Breast-cancer screening as anomaly ranking

This real sklearn dataset is a useful reality check. The classes are not generated by a covariance model, so robustcov should not be expected to dominate all baselines.

Result at a glance

EllipticEnvelope has the best F1 in this run. FastMCD is close to IsolationForest and OneClassSVM but not best. This is a valuable honest example: robust distances are competitive diagnostics, not universal winners.

What the data represent

The example uses the sklearn breast-cancer dataset with a reduced feature representation.

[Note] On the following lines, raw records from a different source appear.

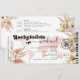 Convite de passagem de embarque para festa de despedida de solteira tropical com um fundo branco simples, grama pampas em aquarela rústica e flores, um código QR para você excluir ou substituir pelo seu, e um modelo de itinerário de fim de semana de despedida de solteira editável e completo que é fácil de personalizar.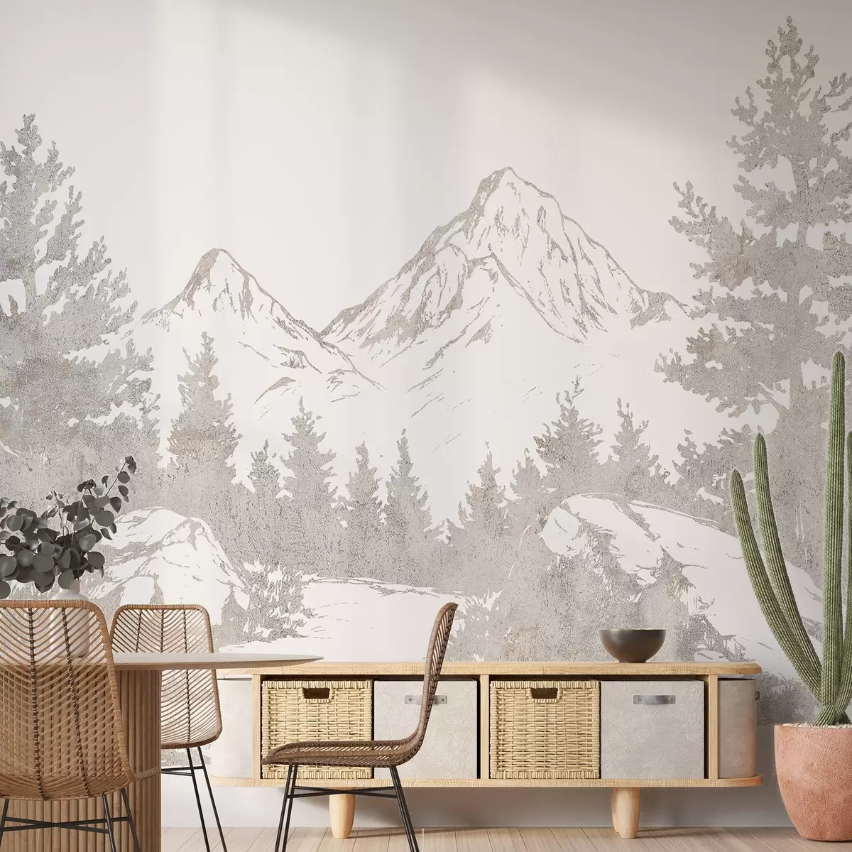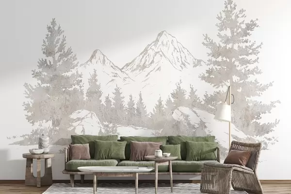 Fototapet Alpy, hory s lesem, liniová kresba, přírodní barvy w03343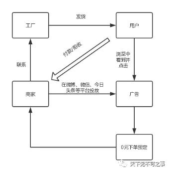 二类电商可以简单理解为商家脱离淘宝、京东这类的电商平台,通过投放广告,以货到付款的形式进行交易的商业模式,大概流程如图: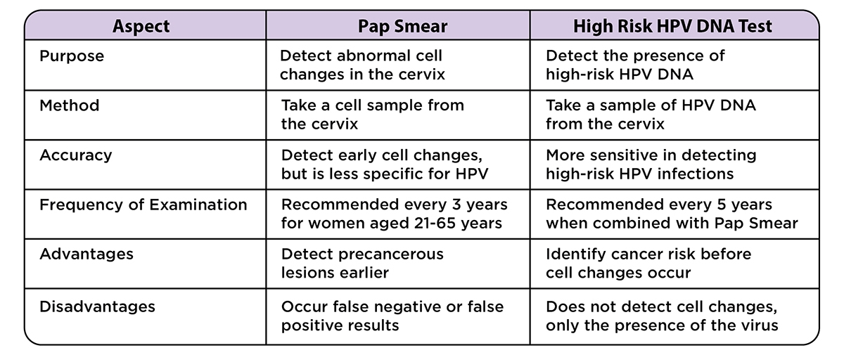 Regular sexual health screening is critical for early detecting the risk of cervical cancer. There are two primary procedures: the Pap smear and the HPV DNA high-risk test.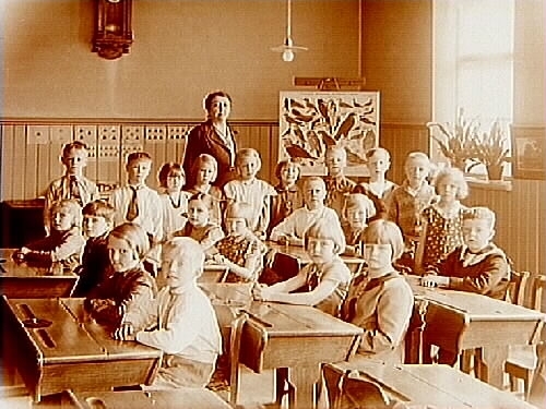 Rudbecksskolan, klassrumsinteriör, 21 skolbarn med lärarinna fröken Frida Tollstorp.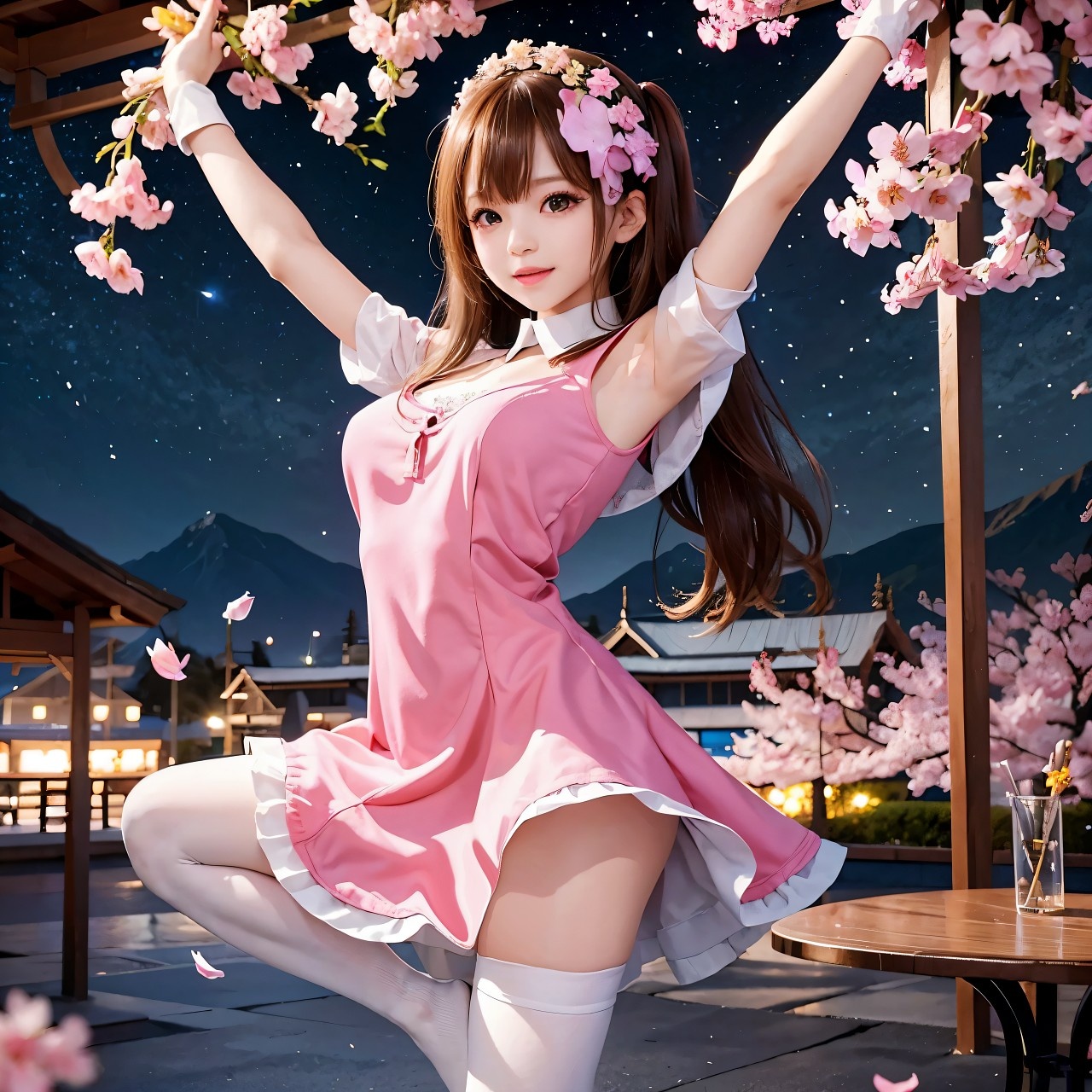 Nightcore, Cute Edm, J-pop fusion, Super saw, Female vocals, Hi-pitched, Energetic, Falsetto and playful tone, Wide stereo field, Concert hall ambiance, Spacious midrange, Clean mix, Balanced compression, Mastered at -16 LUFS, Rich stereo reverb, Clear highs, Deep controlled bass, Polished final mix, Floating melody, Oscillating stereo field, Panning movement, Swirling ambient layers, Expansive reverb, Dreamy and sacred, Binaural-style mix, stereo drift, Drop section with super saw and sidechained bass, EDM drop with high energy impact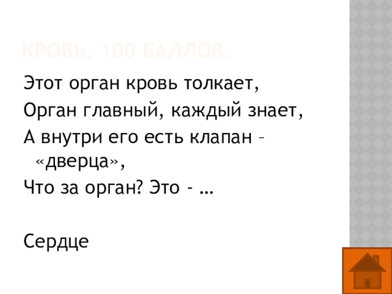 КРОВЬ. 100 БАЛЛОВ.Этот орган кровь толкает,Орган главный, каждый знает,А внутри его есть клапан – «дверца»,Что за орган?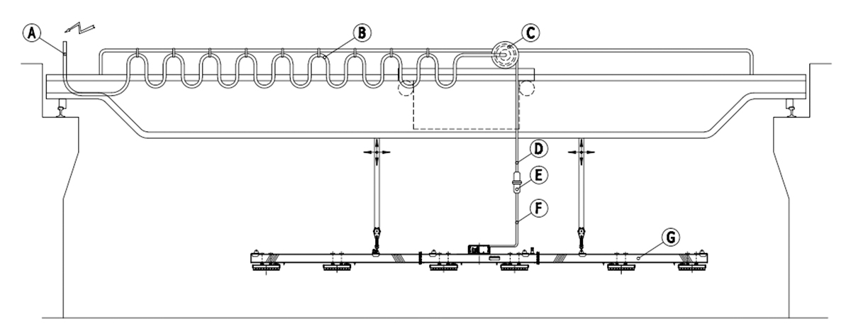 A:輸入電源 B:行車滑線 C:電纜卷筒 D:卷筒升降電纜 E:重載連接器 F:電永磁控制系統電源進線 G:橫梁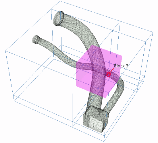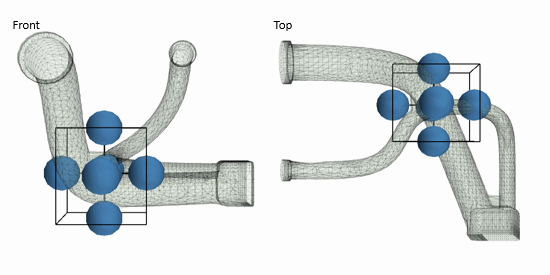 默认情况下,将包面设为自动确定体积范围的相关体积。在某些情况下,包面会告诉您一个或多个相关体积已失败。发生这种情况时,建议通过在体积范围内放置种子点来引导包面。要演示本教程中的过程,可为散热器软管体积范围添加种子点。在这里,由于包面是外部包面,所以在软管外表面和体积范围表面之间添加种子点。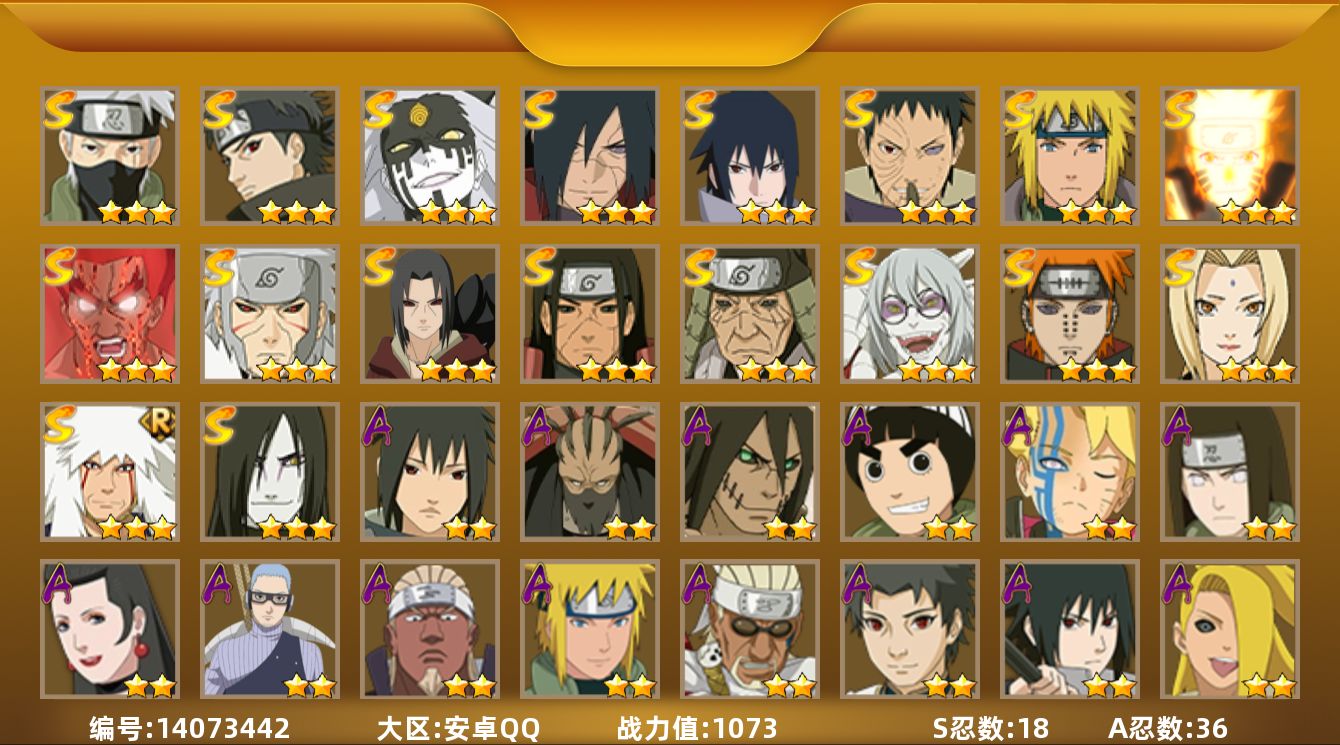 [14073915]【编号09066】【店长推荐精品号】12s级忍者数-17a级忍者数 【s级忍者】:猿飞日斩「秽土转生」3星,艾「忍界大战」3星,宇智波止水「须佐能乎」3星,旗木卡卡西「须佐能乎」3星,自来也「舞之豪杰」3星,波风水门3星,神秘面具男「红夜之刃」3星,漩涡鸣人「九喇嘛连结」3星,佩恩「天道」3星,宇智波佐助「永恒万花筒」3星,宇智波斑 「白面具」3星宇智波斑「白面具」,大筒木金式3星 【a级忍者】:波风水门「青年」2星,迪达拉2星,飞段「死司凭血」2星,干柿鬼鲛4星,漩涡博人「桃式显现」2星,迈特凯5星,我爱罗「疾风传」3星,蝎2星,猿飞阿斯玛5星,宇智波鼬2星,宇智波佐助「须佐能乎」2星,长十郎「六代目水影」2星,李洛克「忍界大战」2星,黑土「博人传」2星,秋道丁次「忍界大战」2星,千代「近松十人卫」2星,不缘2星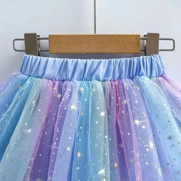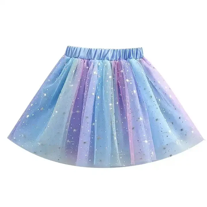 Customizable Newest Design Sweet Rainbow Tutu Skirts Tulle Sequined Pleated Cute Girl Skirts Soft Children Skirts
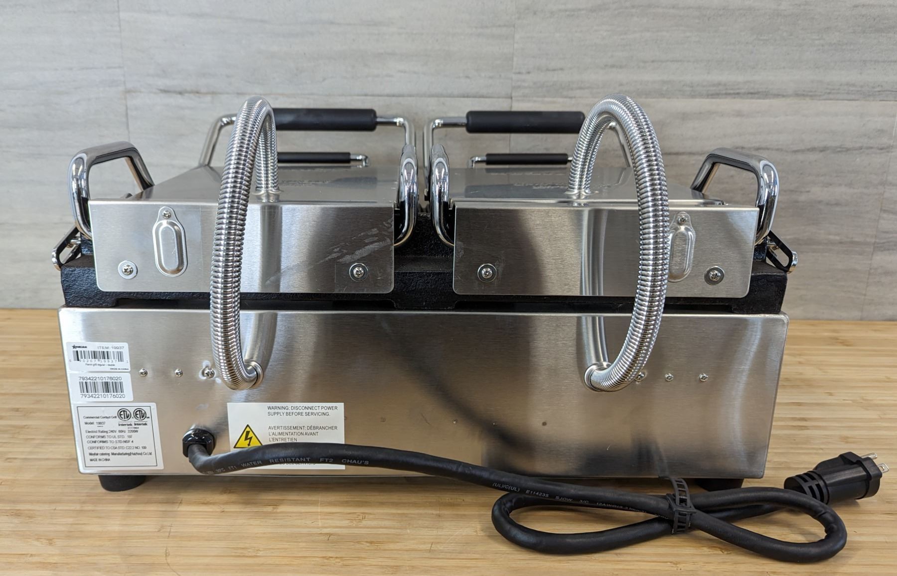 [New In Box,] Grill Surface: 10" x 18", Thermostat Control: 570° F, Power: 3.2kW, Electrical: 220/60Hz/1Ph, Top Grill Surface: Grooved, Bottom Grill Surface: Grooved, Dimensions: 36" x 24" x 47", Weight: 85 lbs

One class is treated as the anomaly class for an unsupervised screening comparison.

Why this estimator

FastMCD is included as an interpretable robust-distance baseline. It is compared with common sklearn anomaly detectors.

Reproduce the result

python examples/use_case_breast_cancer_screening.py

Output from the run

breast-cancer anomaly screening
method,seconds,precision,recall,f1,roc_auc,detected
sklearn EllipticEnvelope,0.5495,0.5849,0.5849,0.5849,0.7426,212
sklearn OneClassSVM,0.0130,0.5236,0.5236,0.5236,0.6601,212
sklearn IsolationForest,0.1384,0.5236,0.5236,0.5236,0.6770,212
robustcov FastMCD,0.0678,0.5189,0.5189,0.5189,0.6829,212
sklearn LocalOutlierFactor,0.0079,0.4057,0.4057,0.4057,0.5356,212
n=569, p=12, anomaly_fraction=0.373
robust_radial_kurtosis=6.933
saved diagnostics to results/use_cases/breast_cancer

Figures and diagnostics

Breast-cancer screening as anomaly ranking — baseline f1 Breast-cancer screening as anomaly ranking — score profile Breast-cancer screening as anomaly ranking — distance panel

How to read the result

Look at both F1 and ROC-AUC. Similar F1 values can hide different score rankings, and score rankings matter if the practical task is review prioritization.

What this does not prove

For medical datasets, supervised clinical models and feature engineering are usually necessary. robustcov should be framed as an interpretable screening score.